Nesse particular, pode-se, mais uma vez, destacar os argumentos expressos no Plano Nacional de Extensão ao referir-se à pesquisa quando esta assume interesse especial na possibilidade de produção de conhecimento na interface universidade/comunidade, priorizando as metodologias participativas e favorecendo o diálogo entre categorias utilizadas por pesquisados e pesquisadores, visando à criação e recriação de conhecimentos possibilitadores de transformações sociais, em que a questão central será identificar o que deve ser pesquisado e para quais fins e interesses se buscam novos conhecimentos.

A questão fundamental extrapola a visão tradicional de formação profissional e enxerga o campo da extensão enquanto possibilidade de formação de um outro matiz de profissional: o profissional cidadão.

Para o Fórum, tem-se hoje como princípio que, para a formação do profissional cidadão, é imprescindível sua efetiva interação com a sociedade, seja para se situar historicamente, para se identificar culturalmente e/ou para referenciar sua formação técnica com os problemas que um dia terá de enfrentar.

Nesse sentido, defende o Fórum no Plano Nacional de Extensão, a extensão, entendida como prática acadêmica que interliga a universidade nas suas atividades de ensino e de pesquisa com as demandas da maioria da população, possibilita essa formação do profissional cidadão e se credencia cada vez mais junto à sociedade como espaço privilegiado de produção do conhecimento significativo para a superação das desigualdades sociais existentes.

Nas palavras de Boaventura de Souza Santos (1997), numa sociedade cuja quantidade e qualidade de vida assenta em configurações cada vez mais complexas de saberes, a legitimidade da universidade só será cumprida quando as atividades, hoje ditas de extensão, se aprofundarem tanto que desapareçam enquanto tais e passem a ser parte integrante das atividades de investigação e de ensino.

O desafio, portanto, no âmbito da Educação Física, como em outras áreas, é um desafio hodierno, que impõe aos profissionais da área e, mais especificamente às instituições formadoras, à necessidade de permanente debate, visando o aprimoramento conceitual e estratégico.

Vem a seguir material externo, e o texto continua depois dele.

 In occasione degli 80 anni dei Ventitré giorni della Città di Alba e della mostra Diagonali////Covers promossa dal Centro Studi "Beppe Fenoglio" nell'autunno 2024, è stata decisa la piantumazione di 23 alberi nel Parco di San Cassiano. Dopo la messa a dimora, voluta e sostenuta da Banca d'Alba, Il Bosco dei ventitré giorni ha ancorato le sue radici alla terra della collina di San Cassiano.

No campo da extensão universitária torna-se necessário extrapolar a prática tradicional, notadamente vinculada a uma compreensão limitada desse campo de atuação, na maioria das vezes, resumido a realização de cursos de curta duração, assessorias e consultorias.

Em nossa percepção, a alternativa de qualidade que se impõe está relacionada à construção de uma extensão universitária fortemente caracterizada pelo seu caráter acadêmico e comprometido com a busca da indissociabilidade entre ensino, pesquisa e extensão e a articulação destes com as demandas sociais.

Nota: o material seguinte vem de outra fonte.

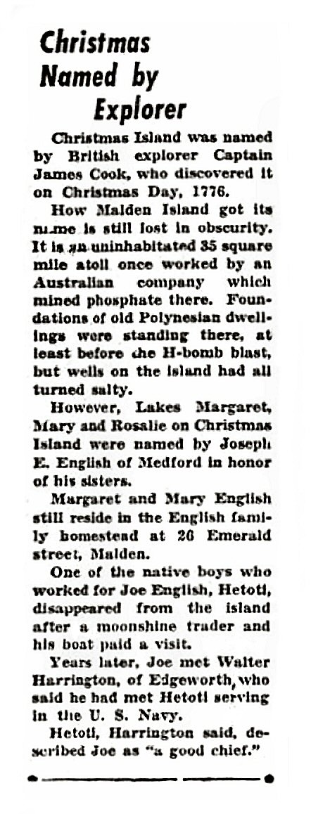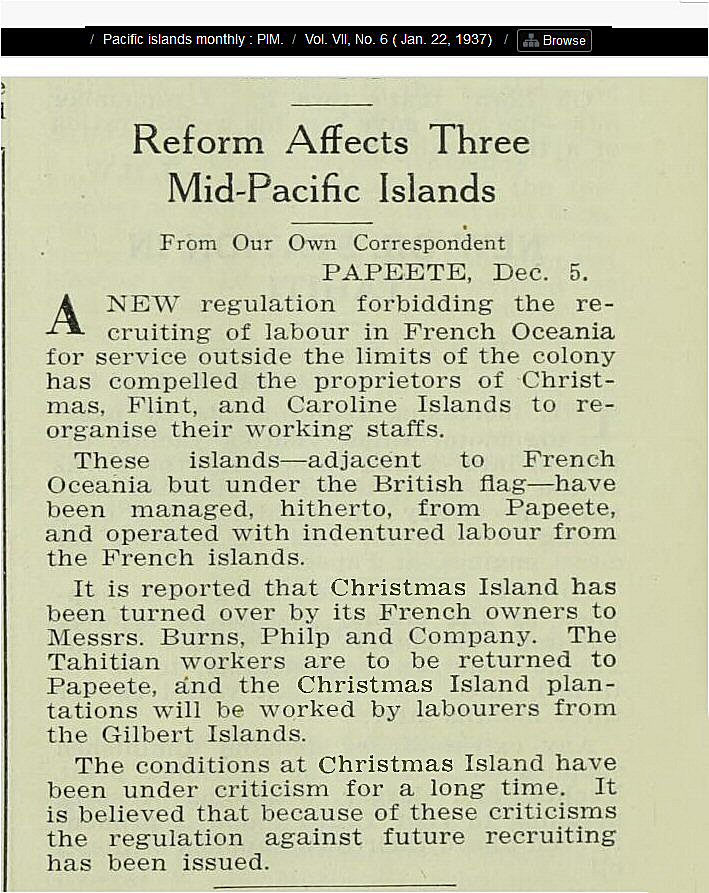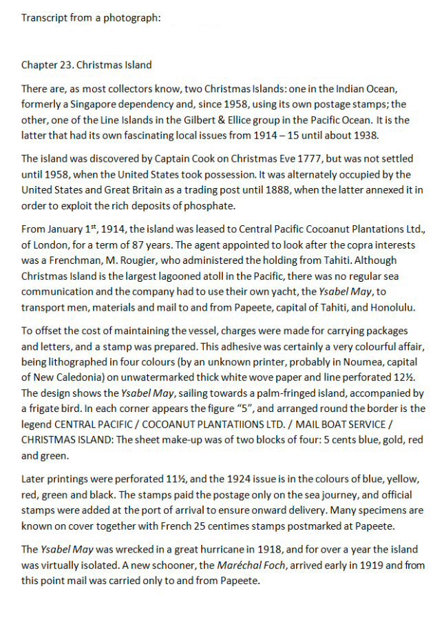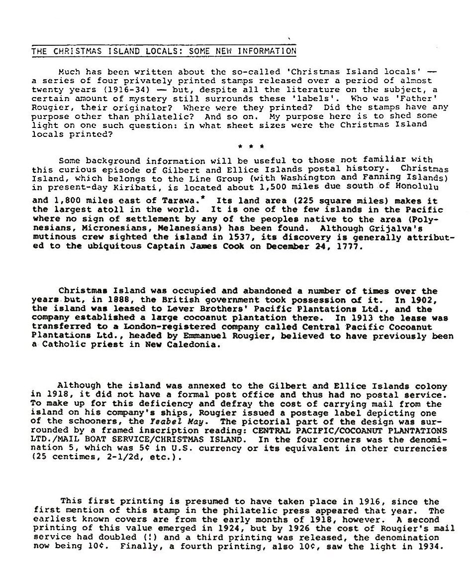 1950 Gisburn: The Post in the Line Islands -- the Christmas Island part of the article only.

Não é demais lembrar, destaca Moreira (1999), que é este desenho da extensão que faz com que a intervenção social da universidade seja estrutu-

ralmente diferente da intervenção dos demais órgãos públicos. Esses têm como objetivo a prestação de um serviço específico à população, sendo julgados pela eficiência com que executam as suas ações. Já a ação da universidade, ainda que busque a eficiência, não pode a ela se restringir. Pois o que deve caracterizá-la não é a ação pela ação, mas esta enquanto mediadora de uma interlocução, fonte de um conhecimento novo que carregue a marca da mudança e da transformação. É nesse diálogo permanente com a sociedade, mediado pela ação, que a universidade encontrará a sua legitimação.

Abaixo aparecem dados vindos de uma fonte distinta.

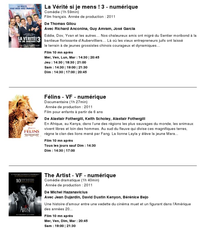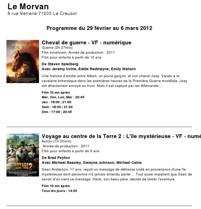 A l'affiche, cette semaine (du 29 février au 6 mars 2012)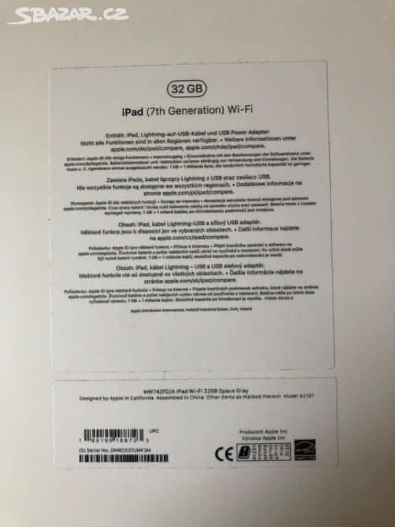 Prodám Apple iPad 7th 32gb v barvě vesmírně šedá.
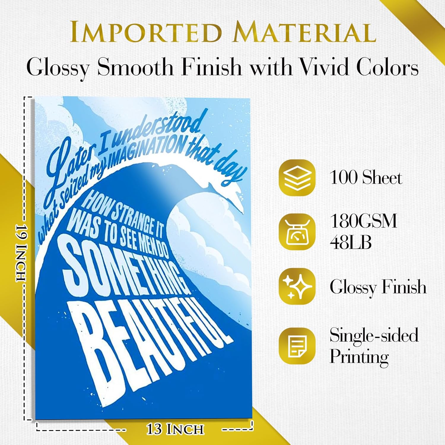 - Photo Paper Package: 100 sheets of glossy photo paper, 13×19 inch, 180gsm/48lb paper, single-sided printing and blank back side for recording or writing.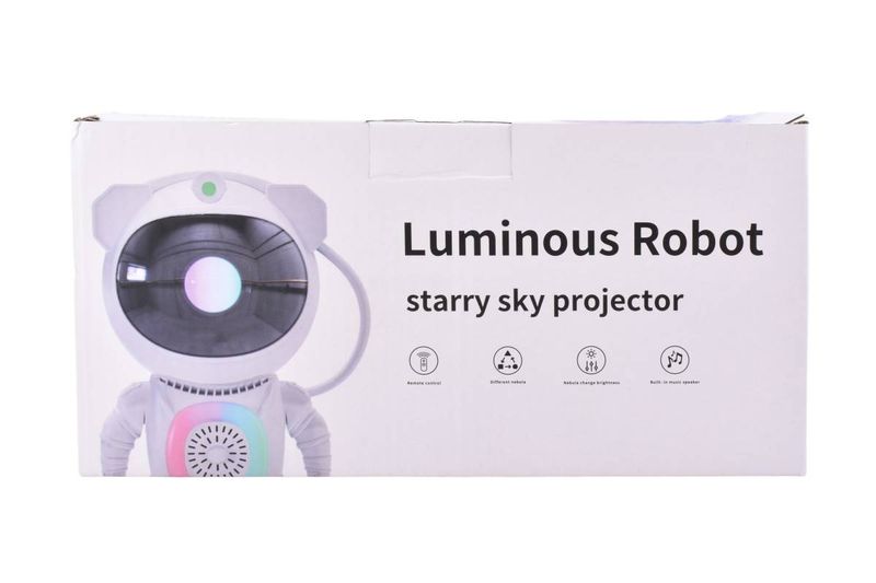 Proyector astronauta galaxia de 22cm con parlante, luces LED multicolor y rotación. Ideal para ambientar tu espacio. Cómpralo en Ferniplast.com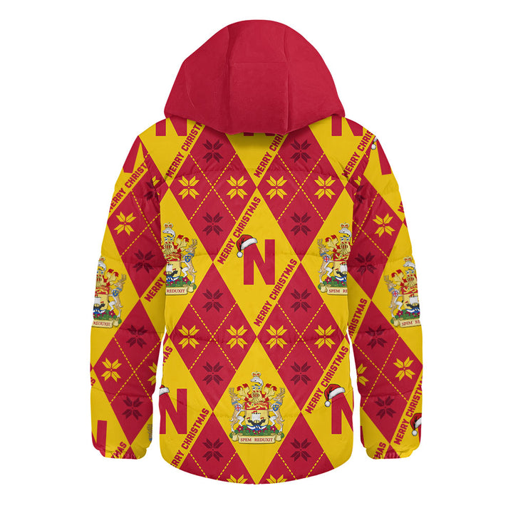 New Brunswick Hooded Padded Jacket Christmas Argyle Pattern With Royal Crest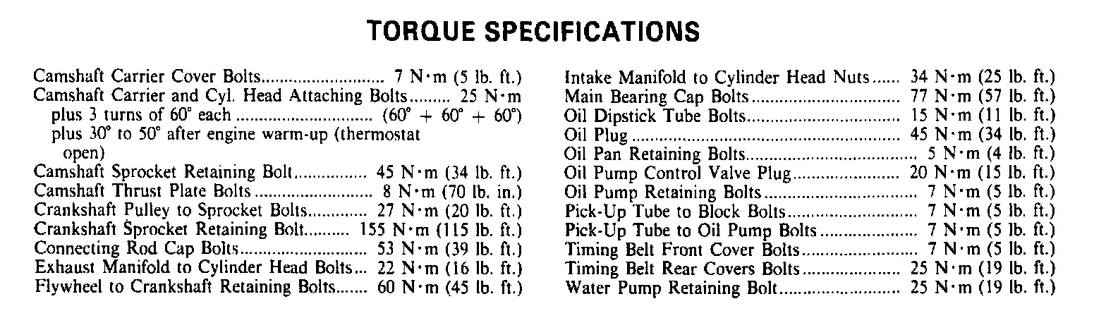 Torque Specifications:

Para esse autor, a extensão universitária, ao favorecer aos jovens estudantes e aos professores a possibilidade de um contato crítico e reflexivo com a realidade, constitui-se em um elemento fundamental no processo de formação para a cidadania que irá permitir mais do que a formação de um pensamento contestatório e libertário, pois ensejará o engajamento efetivo na contestação das estruturas injustas e na ação solidária pela sua transformação.